We then go on like this:

$$ \sqrt{2\pi} \hat \Phi_n(k) = e^{\frac{1}{2}k^2} \int_{\mathbb{R} } e^{-x^2} \Big( \frac{d}{dx} \Big)^n e^{\frac{1}{2}(x - ik)^2} dx = i^n e^{\frac{1}{2}k^2} \int_{\mathbb{R} } e^{-x^2} \Big( \frac{d}{dk} \Big)^n e^{\frac{1}{2}(x - ik)^2} dx $$

where we completed the square in the exponent and then used the following lemma:

Lemma 1: \( \forall n \in \mathbb{Z}_{\geqslant 0}: i^n \Big( \frac{d}{dk} \Big)^n e^{\frac{1}{2}(x - ik)^2} = \Big( \frac{d}{dx} \Big)^n e^{\frac{1}{2}(x - ik)^2} \)

Proof of Lemma 1:

By induction.

\( n = 0 \) : \( i^0 e^{\frac{1}{2}(x - ik)^2} = e^{\frac{1}{2}(x - ik)^2} \) is the trivial case.

\( n-1 \rightarrow n \) :

$$ i^n \Big( \frac{d}{dk} \Big)^n e^{\frac{1}{2}(x - ik)^2} = i^{n-1} \Big( \frac{d}{dk} \Big)^{n-1} i (-i) (x-ik) e^{\frac{1}{2}(x - ik)^2} = i^{n-1} \Big( \frac{d}{dk} \Big)^{n-1} (x-ik) e^{\frac{1}{2}(x - ik)^2} = \\ = i^{n-1} \Big( \frac{d}{dk} \Big)^{n - 1} \frac{d}{dx} e^{\frac{1}{2}(x - ik)^2} = i^{n-1} \frac{d}{dx} \Big( \frac{d}{dk} \Big)^{n - 1} e^{\frac{1}{2}(x - ik)^2} $$

where for the last equality we used Schwarz's theorem.

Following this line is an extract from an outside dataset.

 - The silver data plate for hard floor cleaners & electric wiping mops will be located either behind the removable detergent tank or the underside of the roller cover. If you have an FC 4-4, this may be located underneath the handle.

With the induction assumption everything follows. \( \square \)

Okay, ladies and gentlemen, listen carefully. Lemma 2 is incredibly boring to prove. We've found a shorter and more general way to do this. I've marked the subparts that divide in two versions separately.

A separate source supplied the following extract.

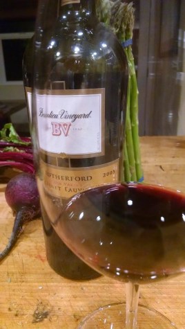 If you are a serious wine person who has been awake for the past 20 or 30 years, you have BV Rutherford stories. I feel like I have hundreds. It was probably my first experiment and exposure to actual quality Napa Valley juice and definitely my earliest exposure to a specific Napa Valley AVA. With the only possible competition being Sonoma’s Beringer Knight’s Valley, one of the oldest and longest-running AVA-specific bottles to grace supermarket shelves everywhere. Shall we talk about consistency? I go back and forth between BVruth and BerKV in ‘favorite’ and could NEVER pick one. One also has to remember–just like Mercedes used to have an S-class and an E-class, and THAT’S IT–BVruth used to be the second bottling, the only other bottling, after Georges De Latour PR. Now there are Tapestry and Maestro Reserve and the Clone-series and occasionally a few out-liers in between GDLpr and BVruth, and of course BVnapa directly below and more Maestro and Beaurouge and Red Wine before you get down to the serious boxwine-quality stuff of BVcoastal and who knows what else. I really don’t look on those shelves. For decades, there was Georges De Latour Private Reserve and Rutherford. That was it. I remember buying BVruth down in the 12$-15$ range and even today it can be found in the very low 20’s–making it a seriously long-term good deal. I started buying it in the early 90’s–I definitely wish I had more of those now–and a client gave me a 1985 as a gift in 2001 which I opened almost immediately. It had sat in a brightly-lit rack in the hallway of his house in Sacramento (25F to 105F range) for nearly its entire life and was absolutely stunning. Nearly a perfect wine. I can still taste it. I drank a fair amount of BVruth in the early 2000’s and then–with the prevalence of BVnapa and Tapestry fighting for shelf-space and what I felt was a slide in classical style, I really have not kept up–skipping many vintages completely. The last time I tried it was the 2010 vintage and was under-whelmed. I’m sorry, but as badly as some of the stalwart bottlings had slid in quality in the 2000’s, I could name a half-dozen I feel hit an additional wall with the 2010 bottling and the 11’s and 12’s reflect the same. Everything seems too over-loaded and that whole ‘perceived sweetness’ thing and anything even remotely briary or minty or tannic has gone completely away in favor of more oak. Forget any acid. The pH and AL has drifted too high and far too much emphasis has been placed on early mouth-feel. This is called the *Consumer-Driven-Palate*. BV Rutherford was designed to be a fairly easy-to-drink wine, but always had potential–if you set them aside LIKE YOU ARE SUPPOSED TO DO WITH CABS!!! for a few years you always had something amazing. It just was built that way. Now it is built for lushness and Tupperware parties right off the shelf barely 2 years after harvest. So, considerable anticipation went into opening this 2005 tonight at age 9. I am happy to report it felt like the olden days.

Lemma 2: Let \( f \in \mathcal{S}(\mathbb{R}) \) and \( \lambda (k) \in C^{\infty} \) be a function only depending on k. Then: \( \left( \frac{d}{dk} \right)^{n} \lambda (k) \hat f(k) = \frac{1}{\sqrt{2\pi}} \int_{\mathbb{R}} \left( \frac{d}{dk} \right)^n \lambda (k) f(x) e^{-ikx} dx \).

Proof.

\( \vdash \) : \( \mathcal{S}(\mathbb{R}) \subset L^1( \mathbb{R} ) \)

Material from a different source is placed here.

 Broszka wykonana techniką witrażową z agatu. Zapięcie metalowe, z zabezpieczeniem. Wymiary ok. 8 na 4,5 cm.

Indeed, from Series 11, Ex. 1 we know:

$$ \left| f(x) \right| \leq \frac{C}{(1 + \vert x \vert^2)} $$

for some \( C \in \mathbb{R} \) and thus:

$$ \int_{\mathbb{R}} \left| f(x) \right| dx \leq \int_{\mathbb{R}} \left| \frac{C}{(1 + \vert x \vert^2)} \right| dx < \infty $$

Version 1

Using the property

Now, we use an induction argument for \( \left( \frac{d}{dk} \right)^n \hat f(k) = \frac{1}{\sqrt{2\pi}} \int_{\mathbb{R}} \left( \frac{d}{dk} \right)^n f(x) e^{-ikx} dx \)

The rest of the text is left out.